I've finally gotten enough round tuits to learn Haskell, and now that
I've done some of the exercises from _The Haskell School of Expression_
and I finally (think I) understand what a monad is, the language is
making a lot more sense to me (although my code is not always making so
much sense to the compiler :-).

My employer (MetaCarta) makes a search engine that can recognize
geographic data.  My group within MetaCarta is responsible for building
the "Geographic Data Module" within our software.  To do this, we slurp
a heap of geographic and linguistic data from a variety of sources,
normalize it, and then use some algorithms (that I'm not allowed to
describe) to generate the module.

This seems like the sort of task that cries out for a
functional-programming approach, and that's what we use, sorta: a lot of
the code that I'm responsible for is SQL, with chains of "CREATE TEMP
TABLE X AS [insert very complicated query here]", some C++ for the parts
that would be very time-consuming or impossible to implement in SQL, and
shell scripts to tie everything together.
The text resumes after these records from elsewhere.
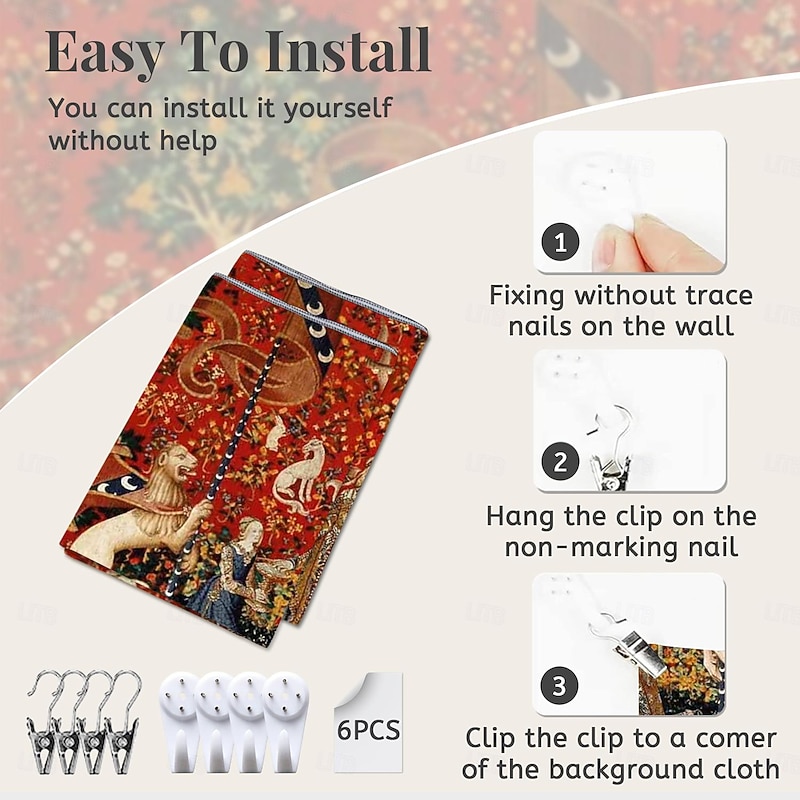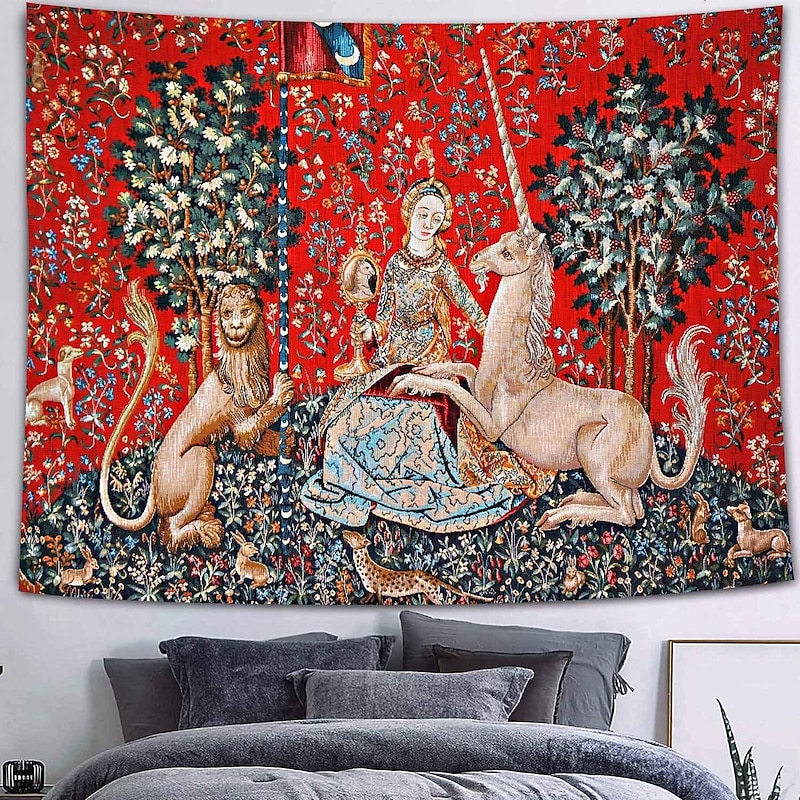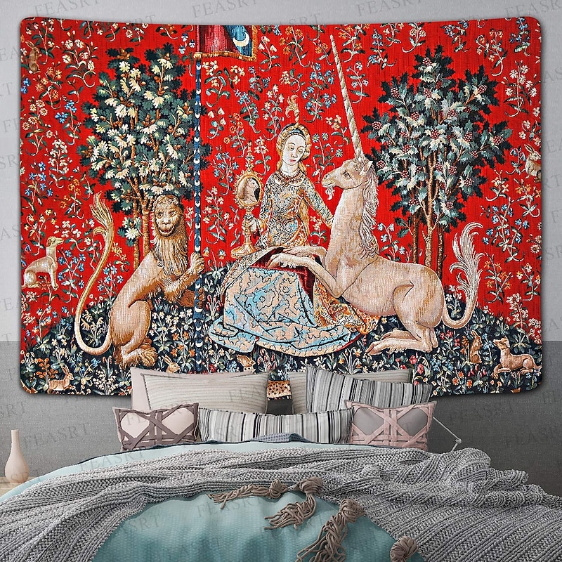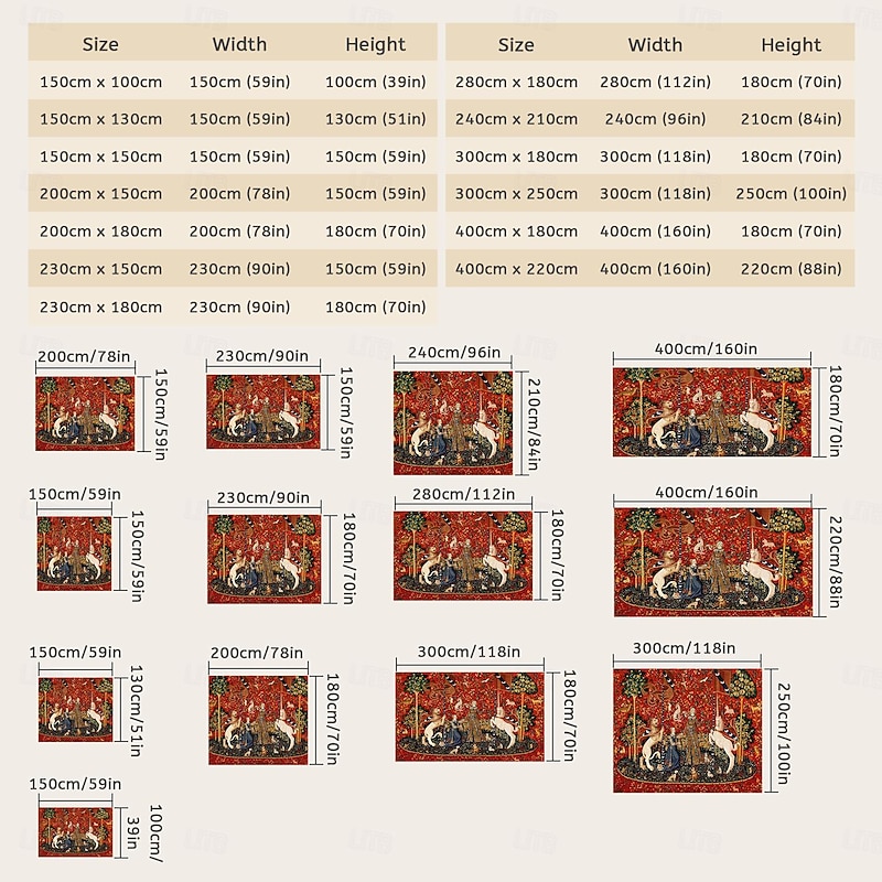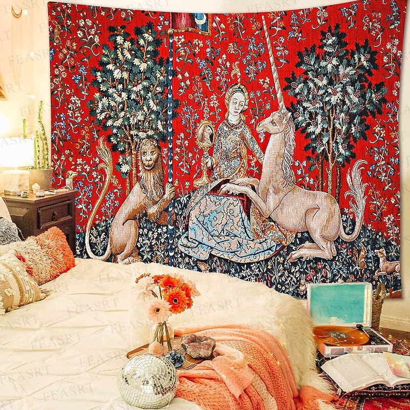 Highlights Dating back to the late 15th century, the Lady Unicorn Tapestry is part of a famous series known as "The Hunt of the Unicorn." This series consists of seven tapestries, each depicting various stages of the hunt for the mythical creature. The Lady Unicorn Tapestry, in particular, showcases the capture of the unicorn by a group of noblemen and hunters. 【Durable Construction】 Crafted with high-quality polyester fabric, this tapestry is built to last. Its robust composition ensures that you can enjoy its beauty for years to come. 【Soft and Lightweight】 This tapestry is soft to the touch and lightweight, making it perfect for both indoor and outdoor use. 【Multiple Size Options】 Available in different sizes to accommodate any room's dimensions. 【Intricate Design】 The tapestry features a captivating design inspired by life itself. Its vivid imagery, crisp lines, and vibrant colors will become a conversation piece in any room. 【Versatility at Its Best】 Not just for wall decor, this tapestry can also double as a tablecloth or a picnic blanket, adding functional versatility to its artistic charm. 【Note】 1. Please allow 1-2cm (0.4"-0.8") deviations due to manual measurement. 2. Please understand the tiny color vary from the product due to different light and screen display.
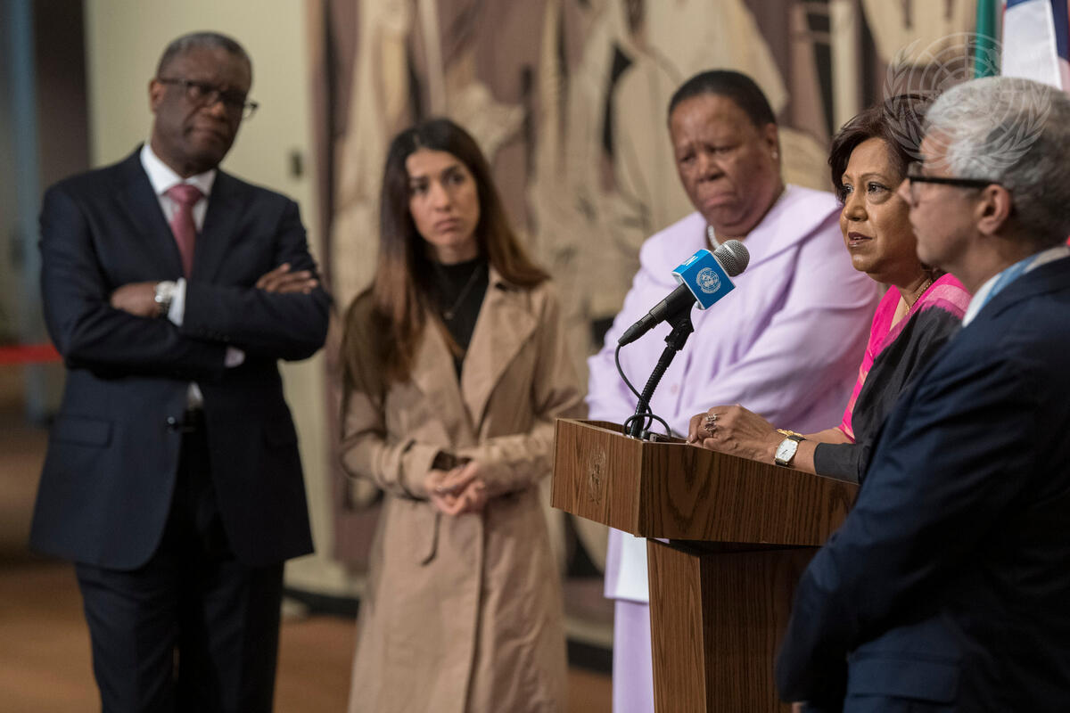 From left to right are: Denis Mukwege, Medical Director of Panzi Hospital and 2018 Nobel Peace Prize recipient; Nadia Murad, Nobel Laureate and Goodwill Ambassador for the Dignity of Survivors of Human Trafficking of the United Nations Office on Drugs and Crime (UNODC); Naledi Pandor, Minister of International Relations and Cooperation of the Republic of South Africa; and (at right) Farhan Haq, Deputy Spokesperson for the Secretary-General.
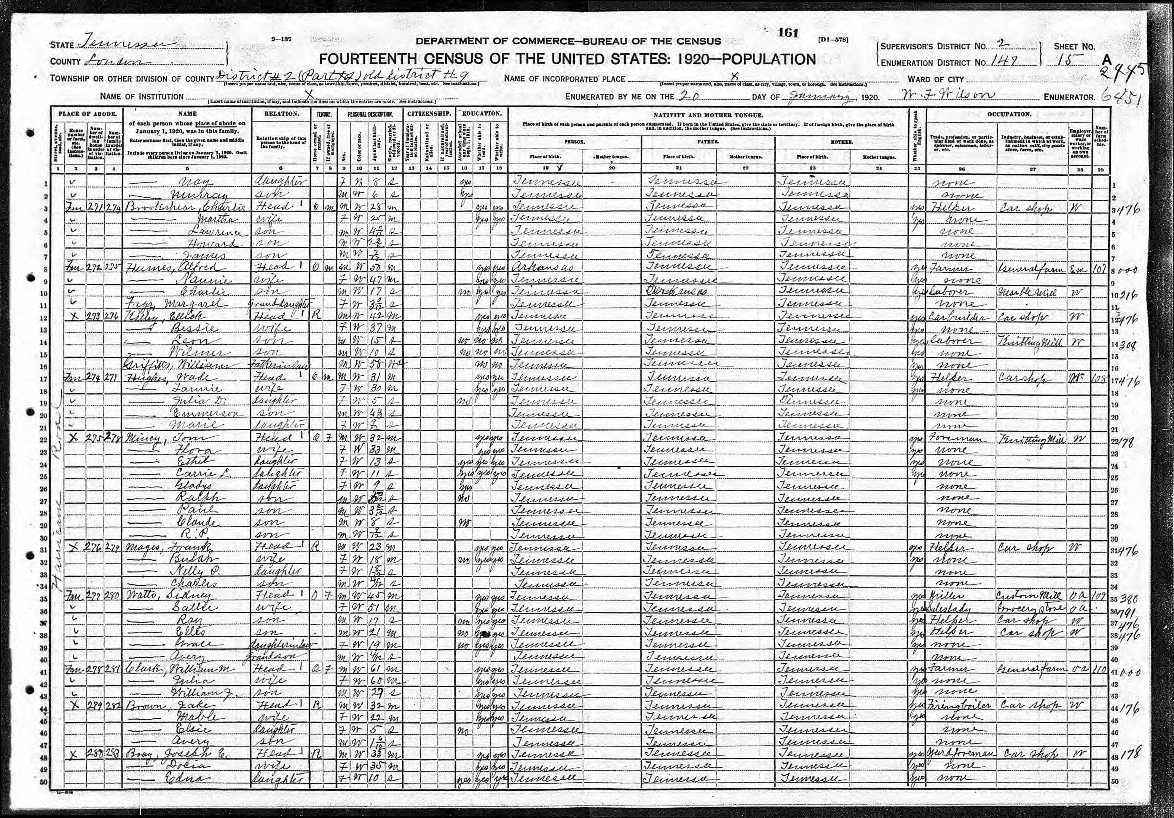 Enumeration District 149, Lenoir City, Loudon County, Tennessee, 17 Jan 1920

I told my tech lead that I want to try porting some of this code to
Haskell in the hope that it would run faster and/or be easier to read.
He said I should spend two work days on the project and then be prepared
to convince my co-workers that further research in this vein is (or is
not) worth doing.

So before I embark on day 1 of the project, I thought I should check and
see if anyone on this list has used Haskell to munge a ten-million-row
database table, and if there are any particular gotchas I should watch
out for.